▸ EXERCISE GOAL:
A verbatim copy is needed of the lines below from the one containing "Moderan dizajn interijera, očaravajući" up to and including the one containing "初年度登録 | R6年4月 |", excluding pictures.
[STORED DATA — start]
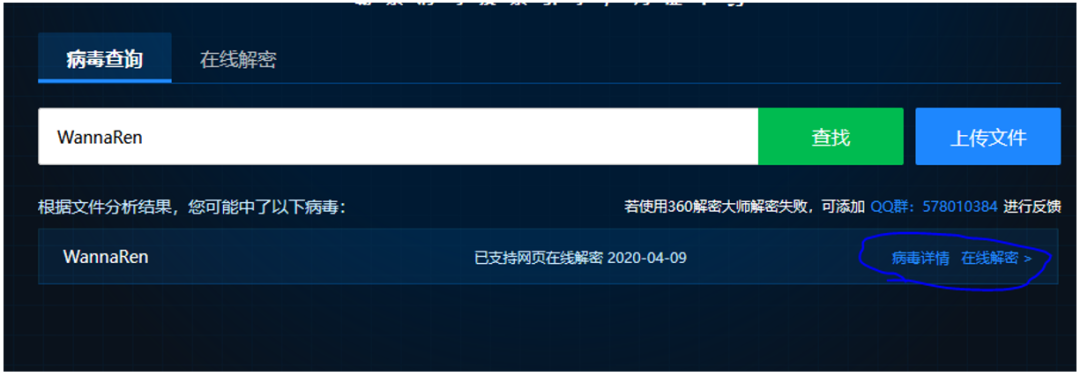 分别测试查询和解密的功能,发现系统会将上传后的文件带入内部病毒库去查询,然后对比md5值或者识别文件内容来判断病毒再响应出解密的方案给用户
[STORED DATA — finish]
[STORED DATA — start]
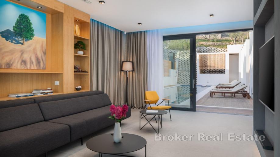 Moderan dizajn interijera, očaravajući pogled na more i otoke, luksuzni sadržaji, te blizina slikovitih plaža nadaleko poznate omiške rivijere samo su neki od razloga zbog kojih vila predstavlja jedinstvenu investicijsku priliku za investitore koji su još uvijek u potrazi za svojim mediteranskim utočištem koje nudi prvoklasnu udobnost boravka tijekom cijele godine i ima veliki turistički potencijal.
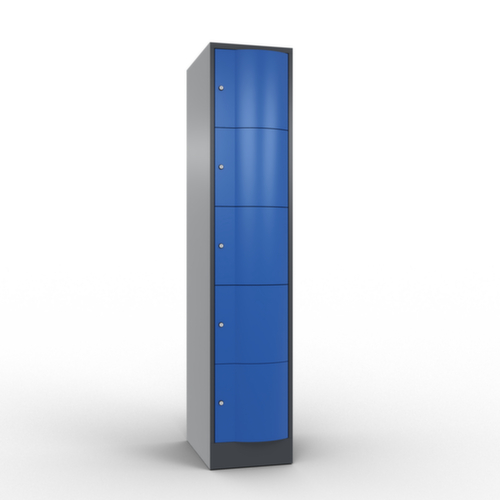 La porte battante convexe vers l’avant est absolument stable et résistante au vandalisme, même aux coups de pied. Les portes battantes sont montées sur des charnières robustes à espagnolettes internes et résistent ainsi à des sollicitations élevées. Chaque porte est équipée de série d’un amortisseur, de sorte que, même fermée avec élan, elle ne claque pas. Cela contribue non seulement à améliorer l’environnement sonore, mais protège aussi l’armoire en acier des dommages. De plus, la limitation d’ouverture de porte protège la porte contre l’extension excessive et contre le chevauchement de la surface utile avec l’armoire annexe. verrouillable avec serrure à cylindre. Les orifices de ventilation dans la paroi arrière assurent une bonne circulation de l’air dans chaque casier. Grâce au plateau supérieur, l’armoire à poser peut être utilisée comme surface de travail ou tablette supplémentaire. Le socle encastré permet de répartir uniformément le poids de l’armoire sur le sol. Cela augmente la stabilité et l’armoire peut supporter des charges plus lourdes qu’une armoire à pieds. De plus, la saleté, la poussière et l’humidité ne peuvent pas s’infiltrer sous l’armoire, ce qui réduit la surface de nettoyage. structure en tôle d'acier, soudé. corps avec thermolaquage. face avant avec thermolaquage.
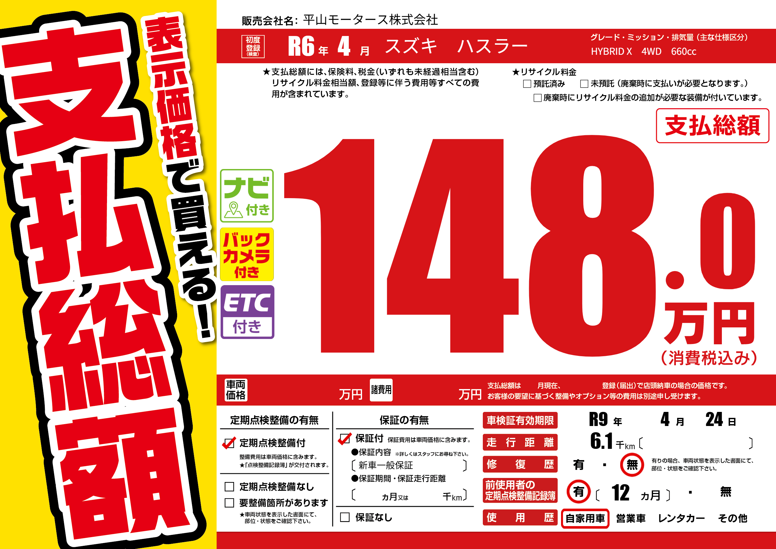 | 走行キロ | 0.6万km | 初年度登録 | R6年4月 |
[STORED DATA — finish]
▸ WRITTEN ANSWER:
 Moderan dizajn interijera, očaravajući pogled na more i otoke, luksuzni sadržaji, te blizina slikovitih plaža nadaleko poznate omiške rivijere samo su neki od razloga zbog kojih vila predstavlja jedinstvenu investicijsku priliku za investitore koji su još uvijek u potrazi za svojim mediteranskim utočištem koje nudi prvoklasnu udobnost boravka tijekom cijele godine i ima veliki turistički potencijal.
 La porte battante convexe vers l’avant est absolument stable et résistante au vandalisme, même aux coups de pied. Les portes battantes sont montées sur des charnières robustes à espagnolettes internes et résistent ainsi à des sollicitations élevées. Chaque porte est équipée de série d’un amortisseur, de sorte que, même fermée avec élan, elle ne claque pas. Cela contribue non seulement à améliorer l’environnement sonore, mais protège aussi l’armoire en acier des dommages. De plus, la limitation d’ouverture de porte protège la porte contre l’extension excessive et contre le chevauchement de la surface utile avec l’armoire annexe. verrouillable avec serrure à cylindre. Les orifices de ventilation dans la paroi arrière assurent une bonne circulation de l’air dans chaque casier. Grâce au plateau supérieur, l’armoire à poser peut être utilisée comme surface de travail ou tablette supplémentaire. Le socle encastré permet de répartir uniformément le poids de l’armoire sur le sol. Cela augmente la stabilité et l’armoire peut supporter des charges plus lourdes qu’une armoire à pieds. De plus, la saleté, la poussière et l’humidité ne peuvent pas s’infiltrer sous l’armoire, ce qui réduit la surface de nettoyage. structure en tôle d'acier, soudé. corps avec thermolaquage. face avant avec thermolaquage.
 | 走行キロ | 0.6万km | 初年度登録 | R6年4月 |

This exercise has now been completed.